@Nelson Vergel and
@Cataceous
Can you find evidence for both theories/explanations (shbg on TRT etc)?
The references were inbedded in the content:
NO TRT (normal physiology):
Sex hormone-binding globulin profoundly influences the distribution of testosterone between bound (inactive) and free (active) forms. Under normal physiological conditions,
SHBG helps determine an individual’s total testosterone requirement by binding a consistent fraction of the hormone – if SHBG levels rise, the body elevates total T production to maintain adequate free T, and if SHBG falls, the body curtails production to prevent free T excess
pure.amsterdamumc.nl In healthy men, this feedback mechanism leads to an inverse relationship between SHBG and endogenous T output, ensuring relative stability of free testosterone
pure.amsterdamumc.nl clindiabetesendo.biomedcentral.com.
First PDF Attached Summary:
Summary of "Serum levels of sex hormone-binding globulin (SHBG) are not associated with lower levels of non-SHBG-bound testosterone in male newborns and healthy adult men"
Objective:
The study challenges the widely held belief that higher levels of sex hormone-binding globulin (SHBG) reduce the bioavailability of testosterone by lowering non-SHBG-bound testosterone (non-SHBG-T, i.e., free plus albumin-bound testosterone) in vivo.

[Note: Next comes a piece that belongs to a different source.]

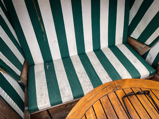 Weiterhin lieblos in der Sache. Ungepflegte Strandkörbe und Pflanzen die ihre besten Zeiten hinter sich haben. Ein Staubsaugerroboter im Gästebereich des Pavillons, irgendwie befremdlich und nicht wirklich einladend.

While in vitro models predict that increased SHBG should lower non-SHBG-T, the authors hypothesized that in living humans, especially those with an intact hypothalamo-pituitary-gonadal (HPG) axis, the relationship may be different due to feedback mechanisms affecting testosterone production and clearance.
Study Design and Participants:
Cross-sectional study of:
400 healthy adult men aged 40–80 years (divided into age decades)
106 male newborns (aged 1–6 months)
Both groups had measurements of SHBG, total testosterone, and calculated non-SHBG-T.
Key Methods:
Hormone levels measured using validated immunoassays.
Non-SHBG-T calculated using established formulas, assuming a fixed albumin concentration.
Linear regression and correlation analyses assessed relationships between SHBG, total testosterone, and non-SHBG-T, adjusting for age and BMI where appropriate.
Main Results:
In Newborns:
SHBG levels were much higher, and both total and non-SHBG-T were much lower than in adults.
SHBG was significantly
positively associated with total testosterone but
not associated with non-SHBG-T.
After adjusting for age, the association with non-SHBG-T remained statistically insignificant.
In Adult Men:
SHBG increased with age; both total and non-SHBG-T decreased with age.
SHBG was
strongly positively associated with total testosterone across all age groups.
SHBG was
not or only weakly positively associated with non-SHBG-T; any associations were minimal and sometimes statistically insignificant after adjustment for age and BMI.
The age-related increase in SHBG did
not account for the age-related decline in non-SHBG-T.
Interpretation and Discussion:
Contrary to mathematical models, higher SHBG in vivo does
not reduce non-SHBG-T in healthy males (newborns or adults); if anything, the association is slightly positive.
The HPG axis appears to compensate for changes in SHBG by adjusting testosterone production, maintaining non-SHBG-T within a narrow range.
The age-related decline in non-SHBG-T is
not due to increased SHBG but likely due to other age-related changes in the HPG axis, such as altered feedback sensitivity and reduced Leydig cell responsiveness.
In neonates, the lack of association between SHBG and non-SHBG-T suggests a highly sensitive and functional HPG axis during early life.
Limitations:
Cross-sectional design limits causal inference.
Potential health selection bias in older adult participants.
Hormone assays in neonates may be less accurate at low concentrations, but findings are consistent with other studies.
Conclusion:
In both male newborns and healthy adult men, SHBG levels do
not meaningfully reduce non-SHBG-bound testosterone levels.
The widespread assumption that higher SHBG lowers bioavailable testosterone in vivo is not supported in populations with an intact HPG axis.
Age-related increases in SHBG do
not explain the decline of non-SHBG-T with age in healthy men.
Implications:
Clinical assessment of androgen status in men should consider that SHBG variations may not significantly impact bioavailable testosterone, especially in those with a healthy HPG axis.
Further research is needed to clarify the mechanisms behind age-related changes in testosterone bioavailability and HPG axis function.